半期報告書-第26期(2025/11/01-2026/10/31)
文中の将来に関する事項は、当中間連結会計期間の末日現在において当社グループが判断したものであります。
(1)経営成績の状況
当中間連結会計期間における我が国経済は、雇用・所得環境の改善やインバウンド需要の拡大を背景に、内需を中心として緩やかな回復基調で推移しました。一方で、物価上昇の継続に加え、イランと米国の軍事衝突を契機としたホルムズ海峡の封鎖により、原油価格やナフサ価格が上昇し、エネルギーコストや石油化学関連原材料の調達コストの上昇を通じて、国内の物価動向や企業収益への影響が懸念されるなど、先行きは不透明な状況が続きました。
こうした状況のもと、当社グループは、「日本農業の為になる、役に立つ会社になることで、農業に革命を興し、人々の食と暮らしを豊かにする」という経営理念のもと、2024年から2028年を対象とする中期経営計画を策定しております。10年後に次の成長段階へ大きく飛躍できるベルグアースグループを目指し、4つの事業戦略である「苗事業の更なる拡大と収益力強化」「新製品・新技術の開発」「苗事業を起点とした事業領域の拡大」「事業インフラ強化」を基本方針として取り組んでまいりました。
この結果、当中間連結会計期間の業績は、売上高は3,496,053千円と前年同期と比べ290,874千円(9.1%)の増収となりました。損益面につきましては、営業損失43,904千円(前年同期は営業損失232,124千円)、経常損失36,583千円(前年同期は経常損失223,761千円)、主として現時点で繰延税金資産の回収可能性を検討した結果等により、法人税等調整額(益)16,902千円を計上したため、親会社株主に帰属する中間純損失12,437千円(前年同期は親会社株主に帰属する中間純損失69,383千円)となりました。
セグメントの業績は、次のとおりであります。
セグメントの売上高につきましては、外部顧客への売上高を記載しております。
(野菜苗・苗関連事業)
当事業部門におきましては、当中間連結会計期間よりピーエスピー株式会社を連結範囲に含めたことに加え、2025年3月に稼働を開始したベルグ福島株式会社の鶴沢農場が通年稼働になったことに伴い生産能力が向上し、内製化率を増やすことで受注状況に合わせて、品質、生産バランスを意識した生産体制が可能となり売上拡大につながりました。また、全国的にスイカ苗の需要が増加しており、オリジナル規格のヌードメイク苗などを中心に売上が増加いたしました。

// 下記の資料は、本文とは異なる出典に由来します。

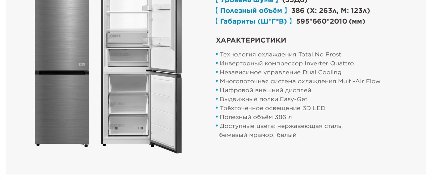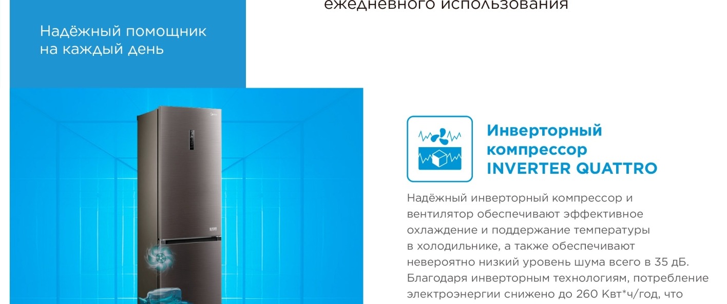 БрендMidea Класс энергоэффективностиА++ Система охлажденияNO FROST Перенавешиваемые двериДа Энергопотребление в год260 кВт·ч/год Количество отделений в морозильной камере3 Полезный объем морозильной камеры123 л Полезный объем холодильной камеры263 л

損益面につきましては、種子、培土等の原材料費の増加に加えて、繁忙期の生産ピークに必要な人材確保が年々難しくなる中、派遣雇用等の活用が増えたことで人件費が増加いたしました。また、連結子会社のベルグ福島株式会社の鶴沢農場が通年稼働となったことに伴い、労務費、減価償却費等の製造経費が増加いたしました。そのような中、徐々に進めてまいりました適切な価格転嫁が進んだことにより損益面での改善に繋がりました。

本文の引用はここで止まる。